Dampak Lanjutan Konflik Iran-Israel Turunkan Pertumbuhan Ekonomi Indonesia
JAKARTA- Peneliti Institute for Development of Economics and Finance (INDEF) Ahmad Heri Firdaus menjelaskan, mengacu pada simulasi ekonomi Global Trade Analysis Project (GTAP), dampat lanjutan konflik Iran-Israel berpotensi menurunkan pertumbuhan ekonomi Indonesia sebesar 0,005 persen.
"Secara angka memang tampak kecil, namun dampak tidak langsung bisa lebih besar jika negara mitra dagang utama seperti Tiongkok dan Jepang ikut terpukul," kata Ahmad dalam diskusi bertajuk "Dampak Perang Iran-Israel terhadap Perekonomian Indonesia", Minggu (29/6).
Menurut dia, Tiongkok dan Jepang diprediksi mengalami perlambatan pertumbuhan ekonomi masing-masin 0,037 persen dan 0,048 persen akibat konflik Iran-Israel.
Imbas lain dari konflik tersebut, katanya, impor Indonesia atas berbagai komoditas, mulai dari hasil pertanian, pangan olahan, logam, tekstil, hingga produk petrokimia dan manufaktur berat diperkirakan bakal mengalami penurunan.
Oleh karenanya, kata Ahmad, Indonesia harus bersiap menghadapi kenyataan ini lantaran konflik kedua negara berpotensi memicu ketidakstabilan ekonomi global terutama di sektor energi, perdagangan hingga fiskal.
Ia mengatakan Iran merupakan salah satu negara dengan cadangan minyak terbesar ketiga di dunia. Apabila pasokan minyak dari negara tersebut terganggu, disusul dengan penutupan jalur perdagangan Selat Hormuz, maka harga minyak global bakal melonjak tajam.

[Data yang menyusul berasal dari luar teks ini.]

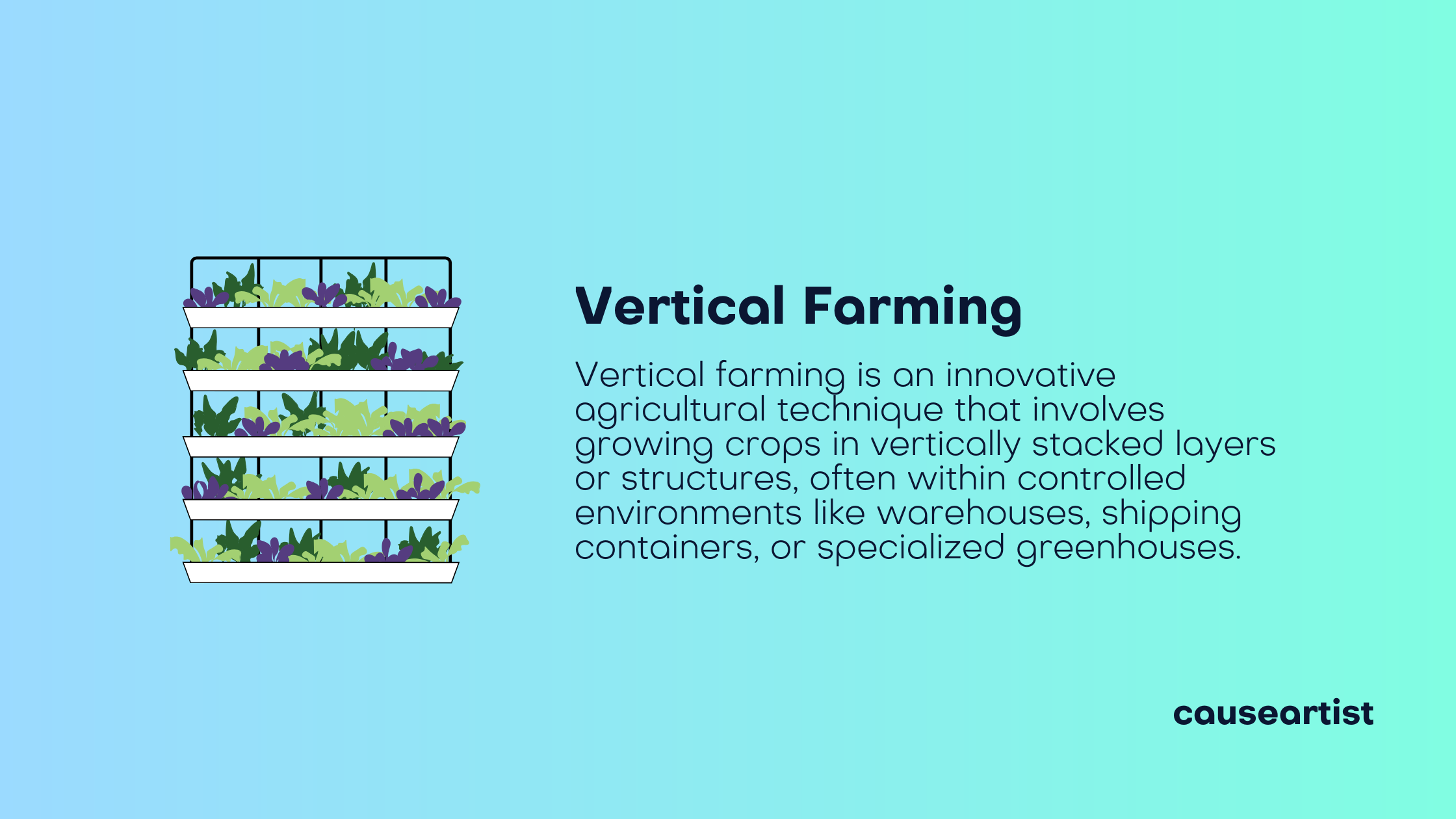 Vertical farming is an agricultural technique that involves growing crops in vertically stacked layers or structures, often within controlled environments like warehouses, shipping containers, or specialized greenhouses.

"Negara-negara pengimpor minyak seperti Jepang, bahkan Eropa tentu mengalami kenaikan biaya energi. Kalau kita lihat, ekspor minyak Timur Tengah itu lebih besar ke Tiongkok, India, Eropa, sehingga negara-negara itu tentu terkena dampak lebih dulu ketimbang Indonesia," kata Ahmad.
Langkah Antisipasi
Kenaikan harga input produksi akibat lonjakan harga minyak dan gas pun berpotensi menurunkan daya saing ekspor Indonesia. Dalam situasi seperti itu, Pemerintah Indonesia perlu segera mengambil langkah-langkah antisipatif jangka pendek.
Prioritas utama adalah menjaga stabilitas harga BBM dan elpiji (LPG) di dalam negeri. Mekanisme subsidi perlu diperkuat agar daya beli masyarakat tetap terjaga dan inflasi tidak melonjak tajam.
"Kemudian kita juga bisa melakukan diversifikasi sumber impor energi. Jadi, kita mengalihkan impor minyak dari negara-negara yang konflik ke yang non-konflik. Oleh karena itu, perlu ada percepatan dalam hal kerja sama energi di negara-negara seperti ASEAN, Australia, atau yang lainnya. Jadi, mungkin ada kerja sama bilateral secara khusus dalam hal perdagangan energi," katanya.
Strategi lainnya adalah memperluas dan mendiversifikasi rantai pasok industri. Sebab, dunia usaha perlu didorong untuk mencari mitra baru dalam penyediaan bahan baku agar tidak terlalu bergantung pada satu wilayah.
Kemudian, mendorong investasi dari sisi industri hulunya, misalnya pupuk, bahan bakar alternatif, serta barang antara atau barang intermediate sebagai bahan baku untuk industri-industri pengolahan di Indonesia.
Dia mengimbau pemerintah juga harus melakukan pemetaan terhadap sektor-sektor yang paling terdampak, terutama manufaktur dan pertanian, sehingga kebijakan perlindungan dan stimulus bisa diarahkan secara tepat sasaran. Mitigasi penting agar Indonesia tidak terseret lebih dalam ke dalam ketidakpastian global.